DESCRIPTION OF THE TASK |
Only the lines from the one with "万利达电热水壶3升大容量家用商用烧水壶酒店办公宿舍保温恒温壶" through the end of the data below belong in the answer, restated word for word, pictures excluded.

Excerpts from a dataset

=== Section Start ===

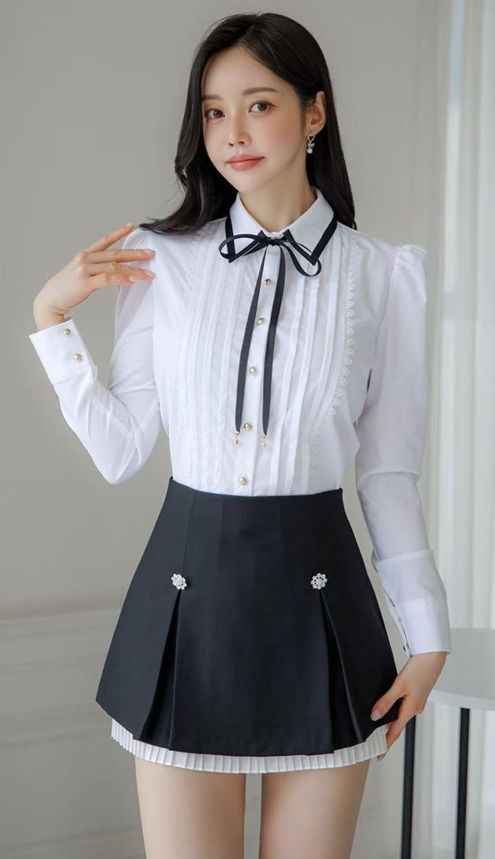 撞色花邊 韓國質感壓褶蝴蝶結襯衫
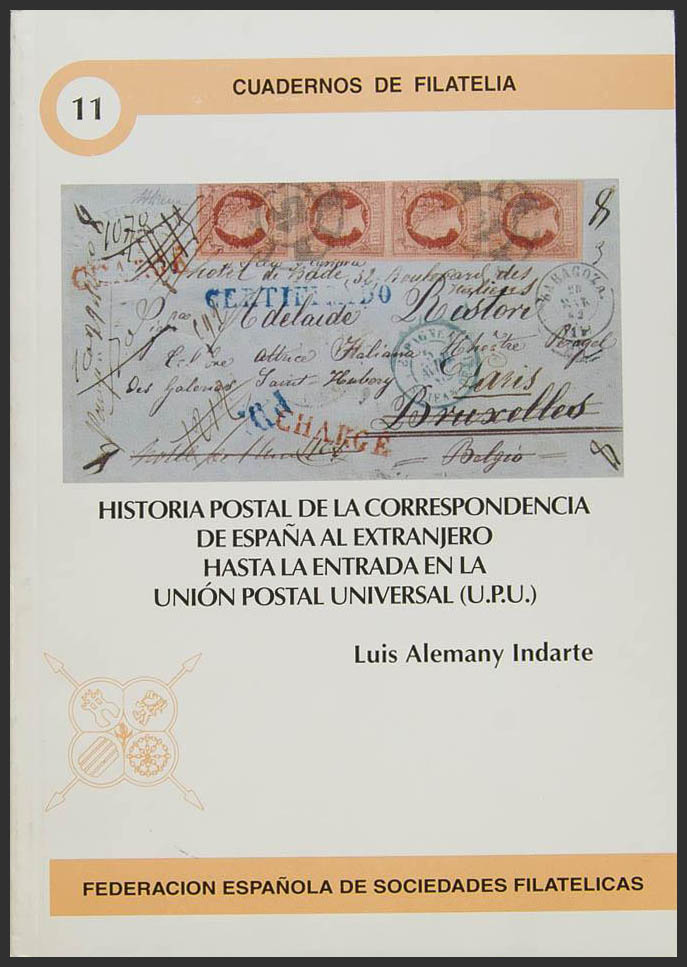 1999. HISTORIA POSTAL DE LA CORRESPONDENCIA DE ESPAÑA AL EXTRANJERO HASTA LA ENTRADA EN LA UNION POSTAL UNIVERSAL (U.P.U). Luis Alemany Indarte. Federación Española de Sociedades Filatélicas. Cuadernos de Filatelia Nº11. Madrid, 1999.
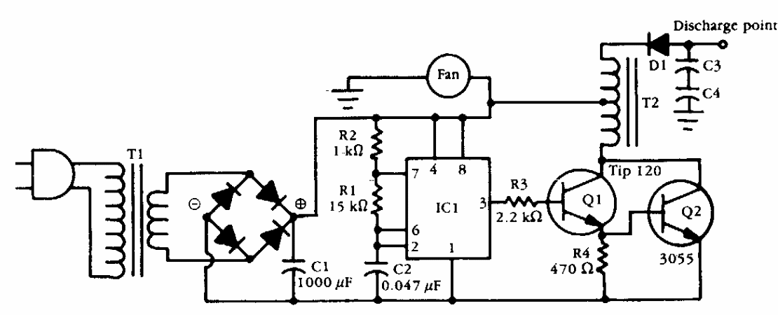 This circuit was obtained from American documentation from the 1990s. The transformer can be a car ignition coil that works like an autotransformer. Q2 must be equipped with a heat sink.
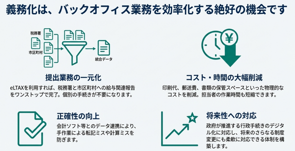 手続きの一元化: 地方税ポータルシステム(eLTAX)の「電子的提出一元化機能」を利用することで、税務署へ提出する「給与所得の源泉徴収票」と、各市区町村へ提出する「給与支払報告書」のデータを同時に作成し、一括で送信することが可能になります。これにより、年末から年始にかけての煩雑な事務作業を大幅に効率化できます。
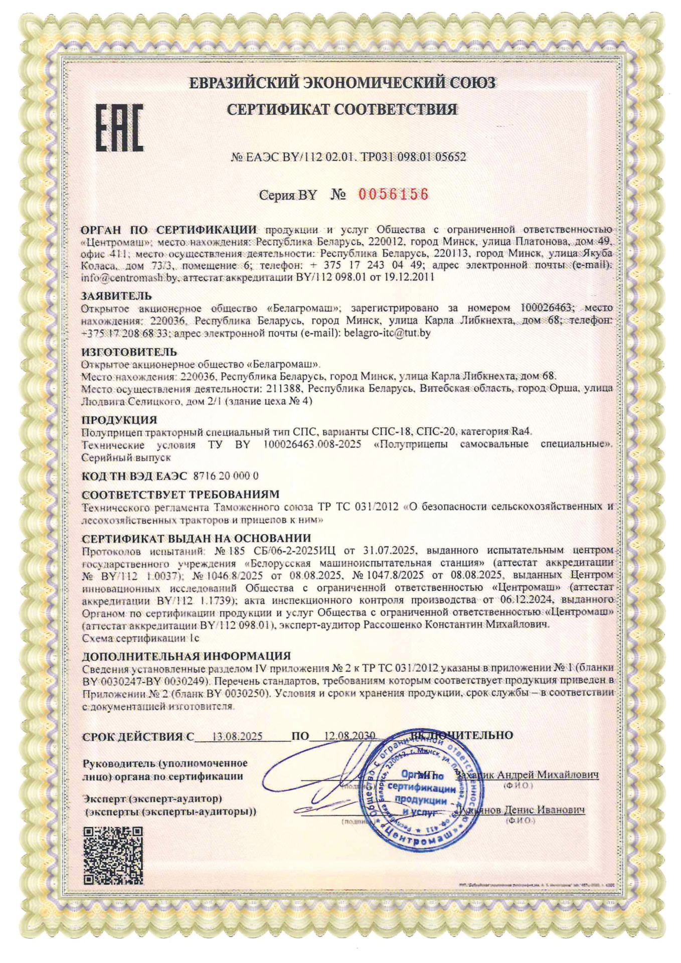 Сертификат соответствия EAC 2ПТС-6/6,5
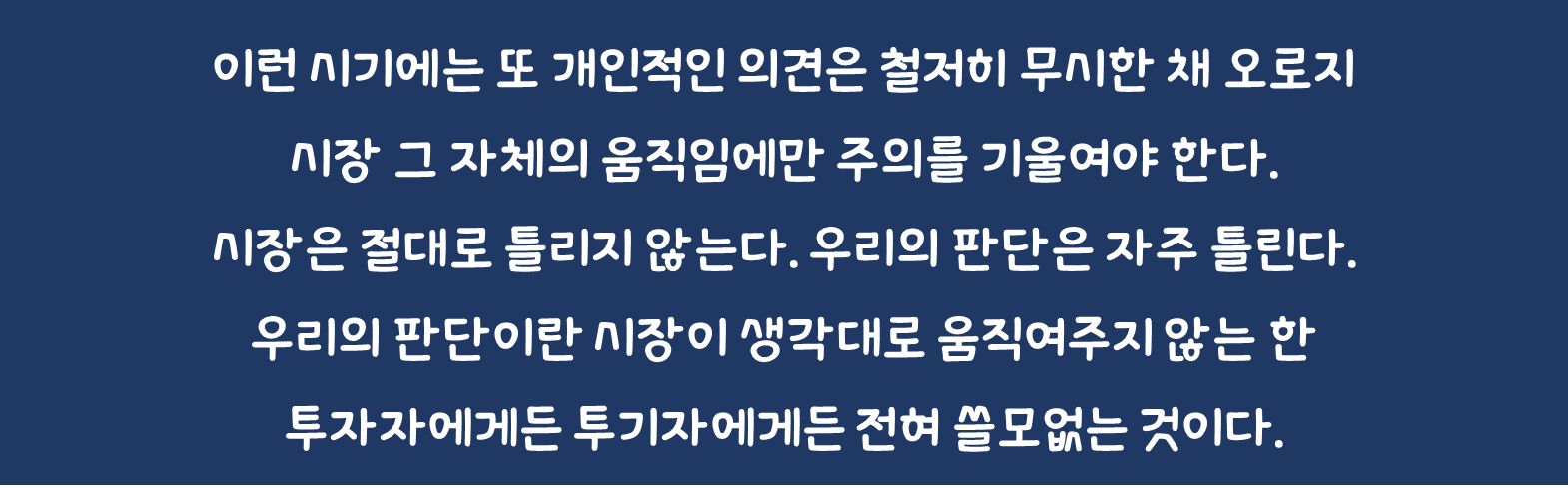 이런 시기에는 또 개인적인 의견은 철저히 무시한 채 오로지 시장 그 자체의 움직임에만 주의를 기울여야 한다. 시장은 절대로 틀리지 않는다. 우리의 판단은 자주 틀린다. 우리의 판단이란 시장이 생각대로 움직여주지 않는 한 투자자에게든 투기자에게든 전혀 쓸모없는 것이다. 아무도, 아니 어떤 세력도 오늘 시장을 만들어낼 수 없고 무너뜨릴 수도 없다.
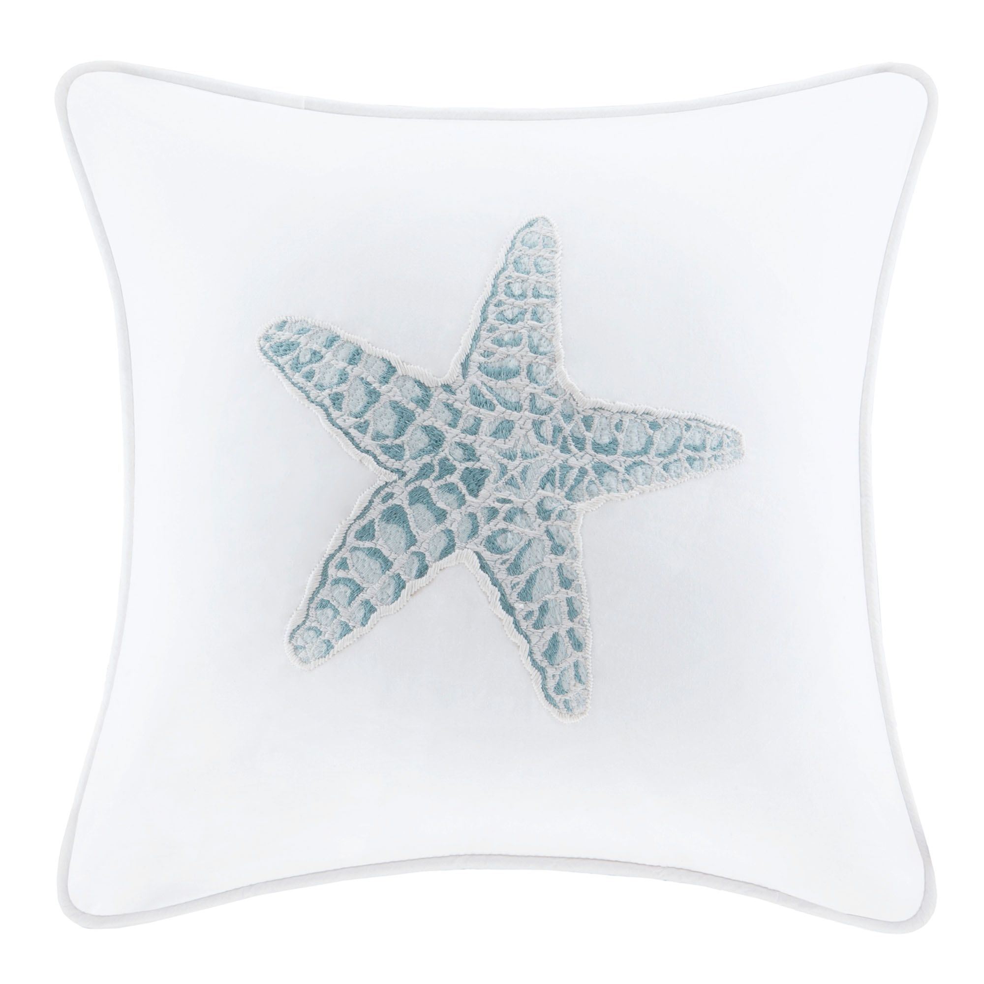 Pillows have polyester forms and zipper closures. Spot clean. Piped Square has an embroidered starfish in aqua mist and ivory set on a white ground. Tailored Rectangle features an embroidered wave design in white alternating with aqua mist waves.
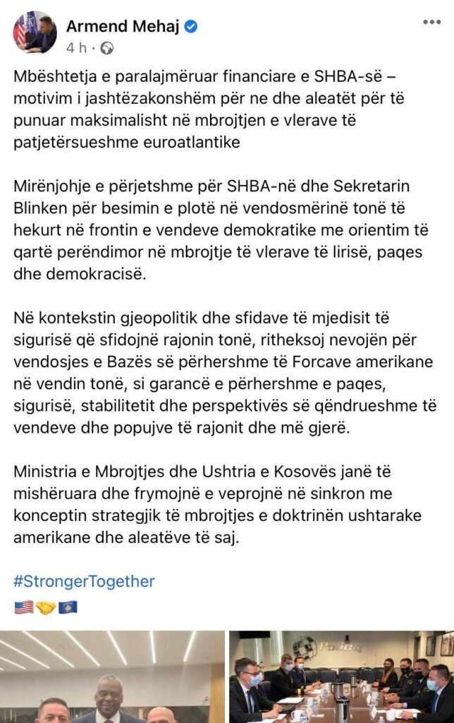 Mirënjohje e përjetshme për SHBA-në dhe Sekretarin Blinken për besimin e plotë në vendosmërinë tonë të hekurt në frontin e vendeve demokratike me orientim të qartë perëndimor në mbrojtje të vlerave të lirisë, paqes dhe demokracisë”, shkruan Mehaj.
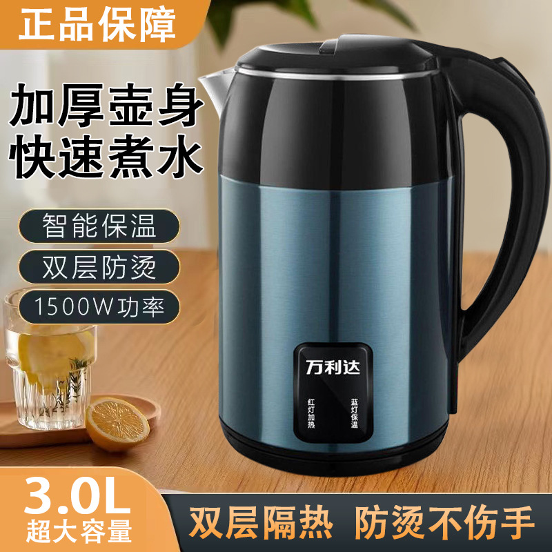 万利达电热水壶3升大容量家用商用烧水壶酒店办公宿舍保温恒温壶
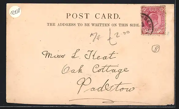 alte Ansichtskarte, gelaufen, rückseitig Oberflächenschaden, unten beschnitten, leichter Kantenschaden li. unten

=== Section End ===

RESULT OF THE TASK |
 万利达电热水壶3升大容量家用商用烧水壶酒店办公宿舍保温恒温壶
 alte Ansichtskarte, gelaufen, rückseitig Oberflächenschaden, unten beschnitten, leichter Kantenschaden li. unten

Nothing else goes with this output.